A hard churning of bird-wings came from outside as the enormous black Dragon heaved his blocky skull against the wall again, blasting one side of the dome out into the sea below. As the wall was blasted away, King Arini alighted through the gap with wings wide – his feathers ruffled up into a serrated prickle, his golden eyes blazing like a raptor of death as he drew himself up tall like a battle-commander.

“Hunter! Cease!” Arini roared, his voice half eagle-screech, half Dragon-thunder.

But the massive black Dragon still roiled like an injured snake inside the bower, a mad thing with no mind left. Layla saw Arini note it with wide eyes. One moment, King Arini stood in the blasted-out gap – and the next, he was launching at Hunter in full Phoenix-form.

Enormous and lithe, King Arini was a magnificent cobalt bird-Dragon. And though he was lean and fast, with sleek feathers that could maneuver like a falcon, Hunter was ten times larger. Magic cascaded in a furious whirlwind as they connected in a surge of coiled muscles, vicious barbs, and ripping fangs. As King Arini and Hunter hammered each other with powerful muscles, renting and biting, they slammed each other into the bower’s dome. The walls shuddered, then shattered. One moment, the bower had a dome, and the next it was exploding from the Dragons battling inside it – everything cascading down from the tower’s heights into the sea far below.

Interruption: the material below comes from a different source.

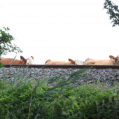 Ein tierischer Einsatz forderte die Lauenburger Feuerwehr am Samstagnachmittag. Ersten Angaben zufolge sollten Rinder ausgebüchst und schließlich in den Elbe-Lübeck Kanal gestürzt sein. Sofort machten sich die Einsatzkräfte auf den Weg. Das HLF fuhr zunächst die angenommene Einsatzstelle an, währenddessen rückte eine Besatzung zu dem fest im Wasser stationierten Boot aus. Zeitgleich machte sich auch eine Besatzung mit dem Unimog und dem Rettungsboot auf den Weg zum Kanal. Zunächst war jedoch unklar, wo genau die Tiere abgestürzt sein sollten. Schließlich wurde der Landwirt ausfindig gemacht, der bereits mit mehrere Helfern versuchte die Herde einzufangen. Doch ergebnislos. Mittlerweile stellten die Tiere eine Gefahr für die Sicherheit dar, denn wenig später traf man einige der Tiere auf den Bahngleisen an. Hier verkehrt die Regionalbahn zwischen Lüneburg und Kiel. Die Einsatzleitung veranlasste eine Streckensperrung. Doch aufhalten ließen sich die Tiere nicht, im Gegenteil, sie machten sich auf den Weg in Richtung Lanze, mal schneller, mal langsamer. Die Feuerwehr immer dicht auf den Versen doch nie so nah um sie in eine gezielte Richtung zu treiben. Während die Drohnengruppe der Technischen Einsatzleitung angefordert wurde, konnte die wasserseitige Suche eingestellt werden. Es befand sich offensichtlich keine Kuh mehr im Wasser. Sportbootkapitäne hatten berichtet das 2 Tiere selbständig aus dem Wasser gekommen sein sollen, wohin diese anschließend geflüchtet waren, sei aber unbekannt. Schließlich erreichten die Tiere das Gemeinde gebiet von Lanze, die Besatzung von HLF und LF 20 hatten auf den gesperrten Bahngleisen Stellung genommen um die Tiere zumindest von diesen Fern zu halten, mit Erfolg! Drei der insgesamt 5 ausgebrochenen Tiere setzten ihren Weg in einem Maisfeld fort. Die Landwirte blieben den Tieren auf der Spur, während die Drohnengruppe die Bahngleise kontrollierte. Die Gefahr war gebannt und die Feuerwehr konnte nach über 2 Stunden den Einsatz beenden.
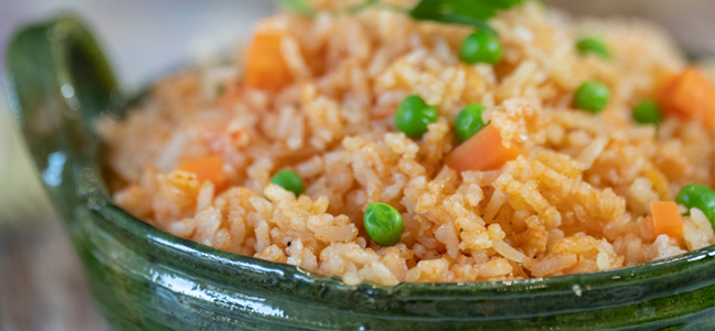 El arroz rojo servido como entrante o primer plato, suele acompañarse por plátano o huevo frito.

Hands above her head, holding her ward to protect from debris careening down, Layla ran toward the garden. As she rushed out, plants and fruit trees shuddered all around her from the blasts heaving the tower. Suddenly, the roaring Dragons careened through the tumbled dome – smashing pots and trellises as their battle spilled out onto the terrace.

King Arini shrieked like a raptor as his feathered tail was bitten by Hunter; Hunter roared with the sound of storms as his gold-streaked snout was raked by Arini’s long, cruel talons. Over and over they tumbled, hammering each other into the broken bower and the tower’s balustrades, cracking each other on the garden’s flagstones. Blasts of magic careened everywhere; Layla hunkered in the middle of that fury, down on one knee and holding her hands spread at her sides in a maneuver Dusk had taught her, creating a personal dome of protection with her winds.

Lightning flashed around Hunter in a whirling funnel like a sandstorm as it swept up all the dirt from the garden into its spin. Flashes slit the falsely-darkened afternoon under Hunter’s storm; thunder deafened Layla as lightning cracked all around the tower, stabbing at the Phoenix King. But King Arini was faster than lightning; faster than sandstorms. As their fight shuddered the foundations of the old tower, Arini darted in, locking himself around Hunter’s neck. Hunter bit like a snake, King Arini’s wing now savaged in Hunter’s jaws – but Arini’s talons and fangs were locked in Hunter’s breast, digging for Hunter’s heart and making blood fly.